Gardeners employ this same method, taking harvest overflow, parboiling the veggies, separating them into single portions and freezing them in storage bags for enjoyment well beyond the growing season.
Continuing with the menu, on Tuesday you can serve the pre-made rice along with roast chicken. Remember you prepared two chickens at one time? On Wednesday you can feature the quinoa with a veggie stir-fry (using the veggies you cut up after you put away your groceries or the ones you bought already cut-up from the store) and on Thursday you can shred leftover roast chicken or pull out the zip lock bag of shredded chicken from your freezer and heat it up with the leftover veggie stir fry. Is everyone keeping up with me? Because I’m not sure I’m keeping up with myself. Still another way to meal prep is to make a larger amount for each dinner meal and use it as lunch the next day.

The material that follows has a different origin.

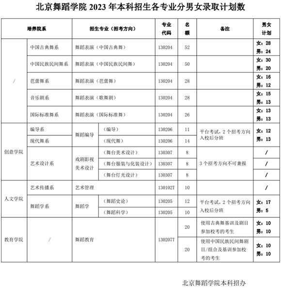 鍖椾含鑸炶箞瀛﹂櫌2023騫存湰縐戞嫑鐢熷悇涓撲笟鍒嗙敺濂沖綍鍙栬鍒掓暟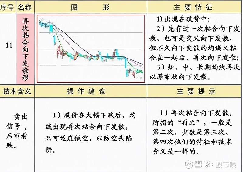 技术含义:均线粘合后向下发散,具有较强的助跌作用,为卖出信号。

There is a need for organizational skills as well as cooking skills to batch cook. Before you start to cook, make sure you have room in your freezer. If you do not yet have room, do a shelf-by-shelf inventory of your freezer. Now I am in my comfort zone and in my element. Do you date and label all the food you store in your freezer? I keep blank labels handy in a kitchen drawer. Each time I place anything new in my freezer, I label it with the description and date. If something is particularly tasty, I put that on the label as well. For instance, the brisket my husband made for Shemini Atzeret is labeled “yummy brisket (10/9).” My rule of thumb is if a frozen food is older than six months, it is ready to be introduced to my garbage can.
When you look through your freezer you will likely see at least one item that is covered in ice crystals, often called “freezer burn.” Up until preparing to write this column, I thought food with ice crystals was no longer good. My husband and I jokingly refer to them as “protective ice crystals,” an expression we picked up from a movie called “Mother” by Albert Brooks. The FDA, however, says “Freezer burn does not mean food is unsafe. Freezer burn is a food quality issue, not a food safety issue. It appears as grayish-brown leathery spots on frozen food. It can occur when food is not securely wrapped in air-tight packaging and causes dry spots in foods.” As you purge food, keep your eye out for food you really don’t like and know you will not be eating. If you feel guilty for throwing out good food, ask yourself if you have a family member, friend or neighbor that may enjoy this.
Perhaps you feel ready to take the plunge and make several dishes at one time. I have been told by someone close to me, who is a big fan of meal prepping, that it can all be done within one to two hours. I don’t know about that. I am talking to myself. I think as a beginner I would expect it to take more time.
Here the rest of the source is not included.